Court Opinion

ID: 7593162
Source: CourtListenerOpinion
Date Created: 2022-07-29 06:48:17.290063+00
Date Added: 2024-06-11T16:24:41.440798
License: Public Domain

GOTHARD, Judge.
This appeal is from a judgment dismissing the plaintiff’s claim for her community property interest in her ex-husband’s retirement plan.
Martha C. Frazier and Malcolm L. Harper were judicially separated on September 30, 1970 in Jefferson Parish and were divorced in Mississippi on March 17, 1971. On March 16, 1971, in Orleans Parish, the parties entered into an authentic act partitioning their community assets and liabilities. The document was recorded in the 24th Judicial District of Jefferson Parish.

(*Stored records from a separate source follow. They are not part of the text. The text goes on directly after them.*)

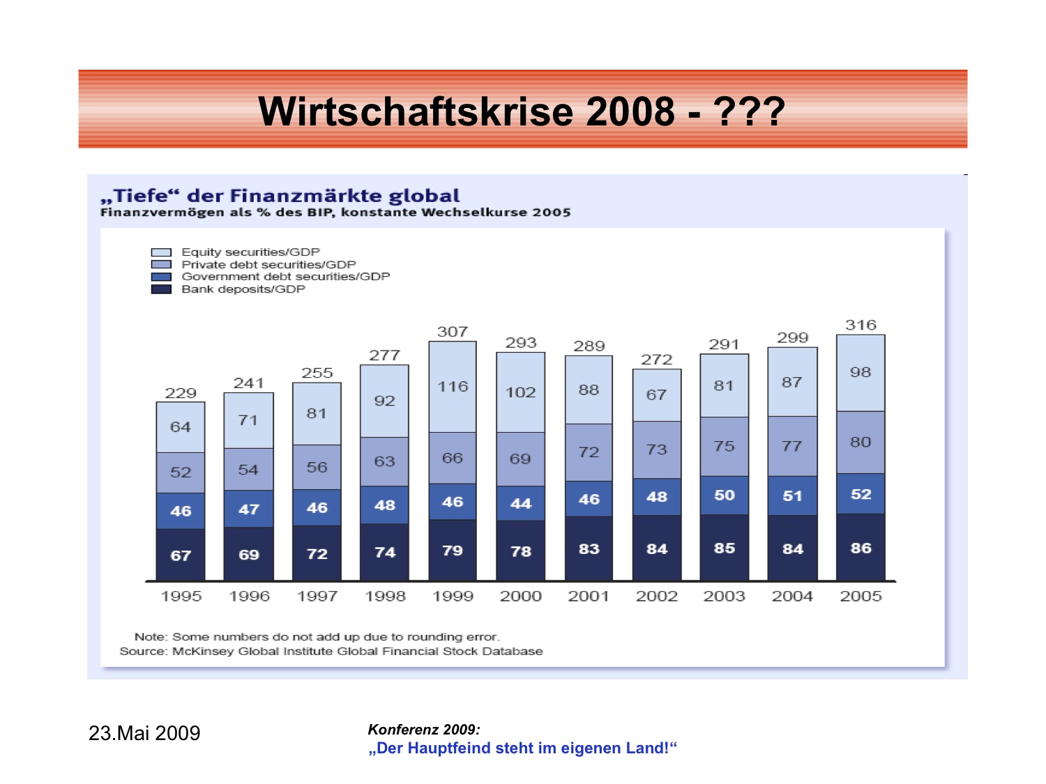 Anders kann es auf Dauer auch nicht funktionieren, und das beweist uns diese Krise erneut. Hier waren also 2005 319%, vom Doppelten hat sich das auf das Dreifache entwickelt. Das Kapital ist stärker gewachsen als die Wirtschaftsleistung und die Profite.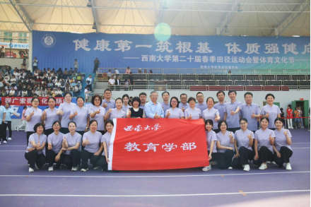2026年4月23日至24日,西南大学第二十届春季田径运动会暨体育文化节在第二运动场隆重举行。教育学部教工代表队以昂扬的精神面貌亮相赛场,在竞技与协作中展现教育工作者的别样风采,斩获教工组广播体操一等奖、教工组团体总分第七名,学生组广播体操也荣获二等奖,以优异成绩为教育学“双一流”学科建设再添亮色。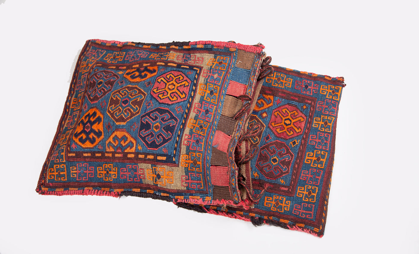 こちらは、遊牧民が馬やロバの背中に乗る時に利用する、鞍と袋を兼ね備えたサドルバッグとなります。移動中に物が飛び出ないように、袋の口に取り付けられている紐をフックのように閉じるようになっていて、よく考えられているなと感心します。地域や部族によってデザインが異なりますが、鮮やかな色彩が特徴的なクルド族のもので、欧米で大変人気のお品です。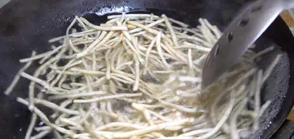 9、鍋中水燒開,放入折耳根,大約焯水20秒,不能煮太久,不然會煮軟。

The controversy before this court arose on June 9, 1989, when Ms. Frazier petitioned for a supplemental partition in St. Tammany Parish. She alleged that Mr. Harper had approximately nine years of service with Delta Airlines in Louisiana during the existence of the community and that the retirement or pension funds were omitted from the voluntary partition agreement. She sought settlement of her claim and also asked that Harper list any community assets or liabilities that might have been omitted from the original petition. The defendant’s exceptions of insufficiency of service of process, of lack of jurisdiction over the person, of prescription, and of res judicata were denied on October 17, 1989 and the case was transferred to Jefferson Parish on November 13, 1989. The matter was heard before a hearing officer, and a district judge signed a judgment on October 17, 1990, dismissing Mrs. Frazier’s claim and assessing the costs against her. This appeal followed.
The only issue is whether the court correctly dismissed the plaintiff’s claim against the defendant’s retirement benefits.
Retirement benefits of an employee are a community asset. LSA-C.C. art. 2338. A spouse has an incorporeal right to share in the benefits. Eskine v. Eskine, 518 So.2d 505 (La.1988); Sims v. Sims, 358 So.2d 919 (La.1978). The Sims v. Sims court stated, at 923:
... When the community is dissolved, the non-employed spouse is entitled to have recognized his or her one-half interest in this community asset, i.e., the right to receive payments from employee benefit plans, to the extent (proportion) that these payments result from the employment or contributions during the community. T.L. James & Co. v. Montgomery, *870332 So.2d 834 (La.1976) and decisions therein cited.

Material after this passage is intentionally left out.